Stored items from a collection:
____
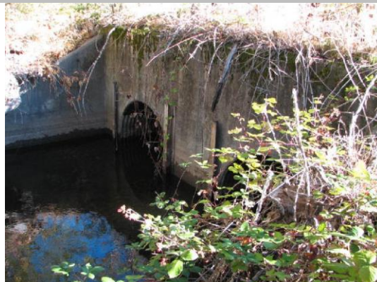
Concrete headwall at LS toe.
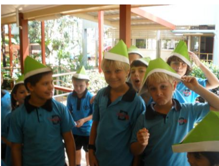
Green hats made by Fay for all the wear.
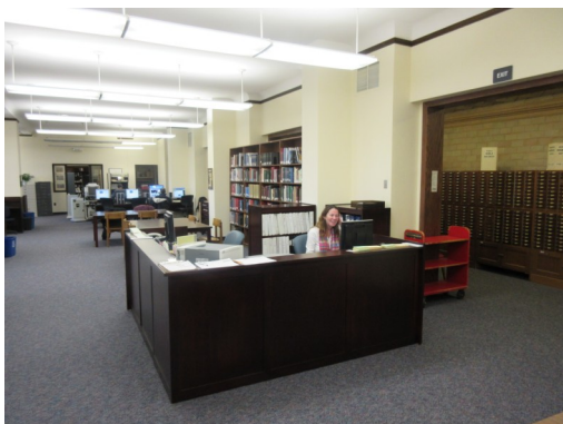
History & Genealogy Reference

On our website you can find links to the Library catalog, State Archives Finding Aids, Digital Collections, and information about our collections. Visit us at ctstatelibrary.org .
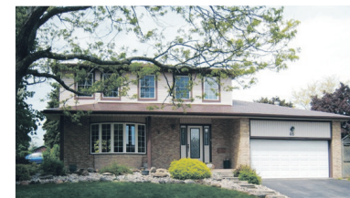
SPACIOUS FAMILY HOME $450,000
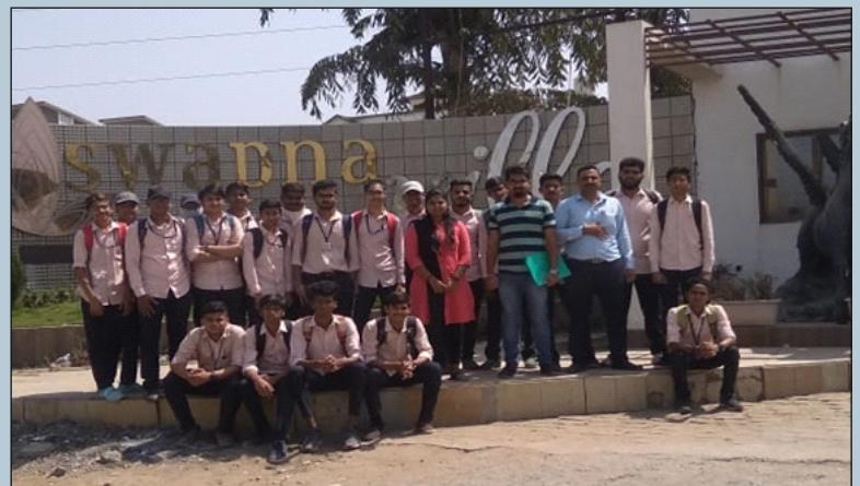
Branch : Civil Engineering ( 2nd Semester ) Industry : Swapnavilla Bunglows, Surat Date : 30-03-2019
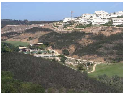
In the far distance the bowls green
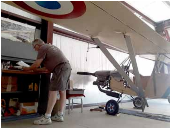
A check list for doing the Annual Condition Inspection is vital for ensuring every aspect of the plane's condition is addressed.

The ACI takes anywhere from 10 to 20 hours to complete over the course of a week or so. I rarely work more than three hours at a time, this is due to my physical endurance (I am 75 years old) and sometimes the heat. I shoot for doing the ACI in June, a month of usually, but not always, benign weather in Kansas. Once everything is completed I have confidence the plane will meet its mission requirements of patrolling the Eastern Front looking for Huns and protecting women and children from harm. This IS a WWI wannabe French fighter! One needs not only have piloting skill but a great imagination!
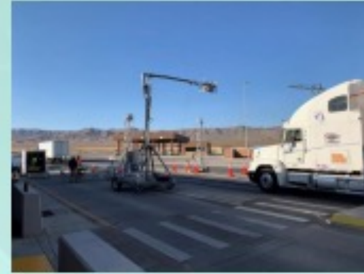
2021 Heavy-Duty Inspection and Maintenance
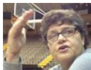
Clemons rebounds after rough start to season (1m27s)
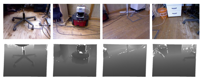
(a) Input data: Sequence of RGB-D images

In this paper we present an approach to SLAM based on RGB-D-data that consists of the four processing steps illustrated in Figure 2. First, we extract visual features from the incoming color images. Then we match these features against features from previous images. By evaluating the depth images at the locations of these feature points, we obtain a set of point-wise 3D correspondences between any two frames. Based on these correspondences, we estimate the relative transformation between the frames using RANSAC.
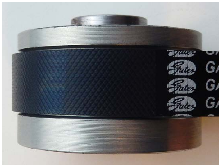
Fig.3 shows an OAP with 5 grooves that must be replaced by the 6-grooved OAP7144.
____
Word for word, retype the lines in the entries above that run from the one with "On our website" through the one with "SPACIOUS FAMILY HOME $450,000". Both ends count; pictures do not.

Solution to the problem:
On our website you can find links to the Library catalog, State Archives Finding Aids, Digital Collections, and information about our collections. Visit us at ctstatelibrary.org .
SPACIOUS FAMILY HOME $450,000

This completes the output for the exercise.